For centuries, the bed has been a sign of wealth, the richer the nobleman, the better the bed, which is probably why many people still aspire to owning a four poster bed, the bed of kings, and the king of beds.
Saxon and Norman furniture would have been basic in quantity and quality. The two essentials in their lives were “bed and board,” a phrase still used today, the ‘board’ was literally a board or boards, set up on trestles or tree stumps used for a table and a bed.
The bed clothes would consisted of pillows, quilts and fur rugs, and would have only been for the wealthy, everyone else would have slept on the floor of the hall, around the fire.

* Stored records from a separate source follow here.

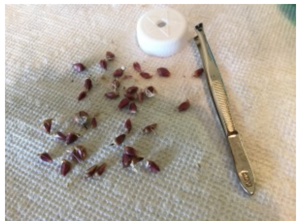
Garlic Bulbils (or bulblets)

A neighbor gardener gave me a dried mature scape (the remnants of the garlic flower). The mature scape on this variety is like a little cluster of about 75, one quarter inch long miniature garlic cloves. Scape normally only develop on hardneck varieties of garlic, however occasionally an individual softneck plant will grow one. These can be planted to be increased into a future garlic crop. It just takes a year or three longer. From what we could research these little garlics are called either Bulbils or Bulblets. We are going to refer to them as bulbils. We are going to plant about a third of these bulbils in a potting soil six pack, 4 to a cell, for future transplanting. We will also plant the other 2/3 directly into garden soil.
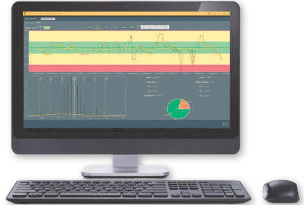
Free Sylcom LITE version on www.sylvac.ch

The concept is to offer a modular software application based on the specific functionalities required.
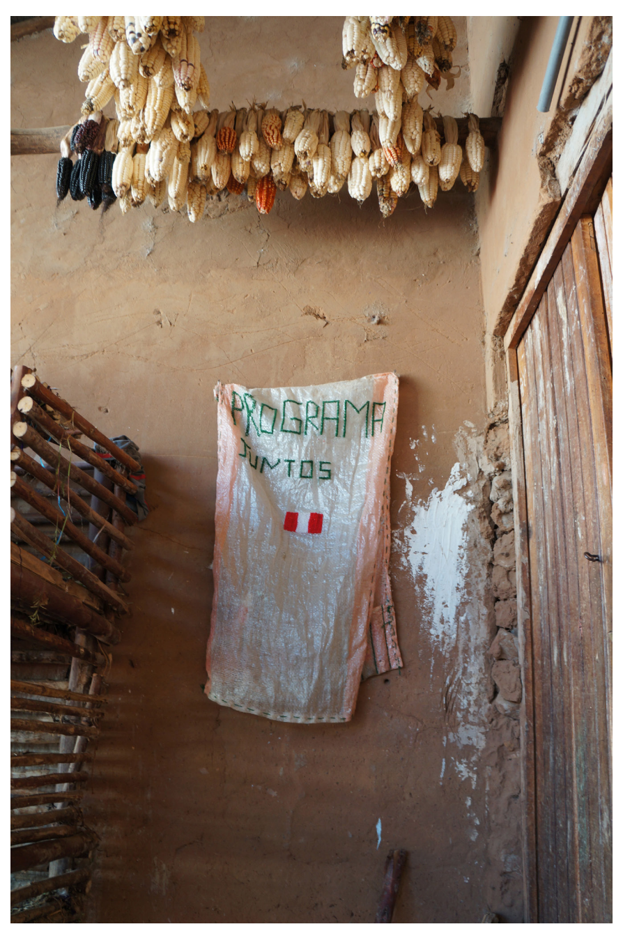
FIGURE 17. Shadow condition 2: Producing handicrafts.
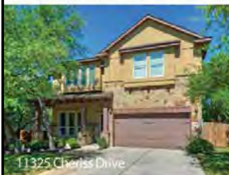
11325 Cheryl Drive
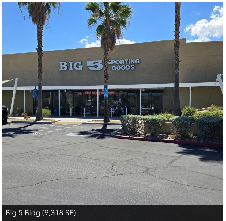
Big 5 Bldg (9,318 SF)
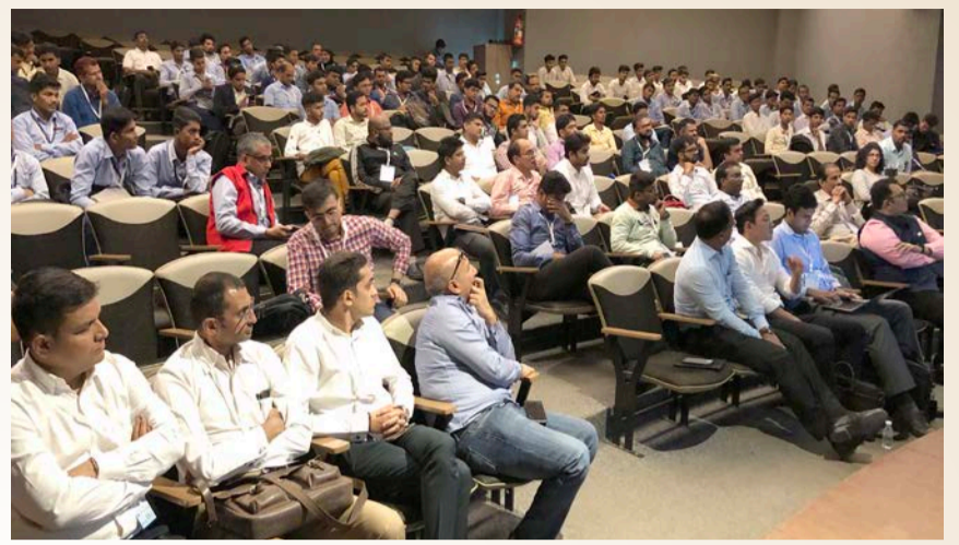
A view of the packed auditorium
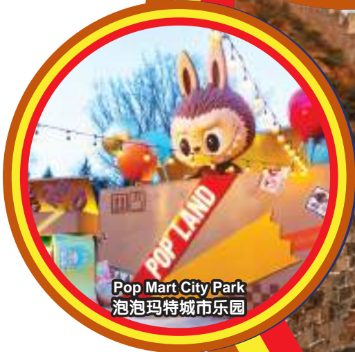
Pop Mart City Park 泡泡玛特城市乐园

The Saxon bed was usually made up against a wall, as a type of bunk or cabin, sometimes in a recess, with a rough mattress placed on boards, together with covers, and curtains suspended from above. The curtains could be drawn to keep draughts and light out, but warmth and illness in. The bedstead referred to the place (stead) where the bed was made, but when the bench developed into more elegant furniture, it still kept the name.
In the later Saxon period, some bedsteads were wooden platforms with bedding placed on them. The Norman bedstead was similar, but sometimes had curtains drawn at the sides, hung from horizontal iron rails, which were attached to and projected from the wall.
The truckle bed was progress from the rough plank. It was a plain, low framed bedstead, ( later used for many years as a bedstead in the basic servant’s quarters). A lady’s maid would sleep on the floor beneath the bedstead of her mistress, and the trenchor chaplain would “lie upon the truckle, whilst his young master lieth o’er his head.” (Hall’s Byting Satyres, 1599).
In the 13th century, a canopy or tester was introduced, suspended by cords from the beams above, on which curtains were hung. This developed into a bed chamber which was becoming more common by the 14th century. Then came an elegant bedstead, called the Arabian, and perhaps first found by our ancestors during the crusade, with bed curtains hung from wooden or metal rails.
The four post or great standing bed was introduced in the 15th century, and was probably brought from Austria, they developed into an enormous size. The Great Bed of Ware (now in the Victoria and Albert Museum), filled half the chamber, which measured 11 feet square, this was however an exceptional size, and not the norm.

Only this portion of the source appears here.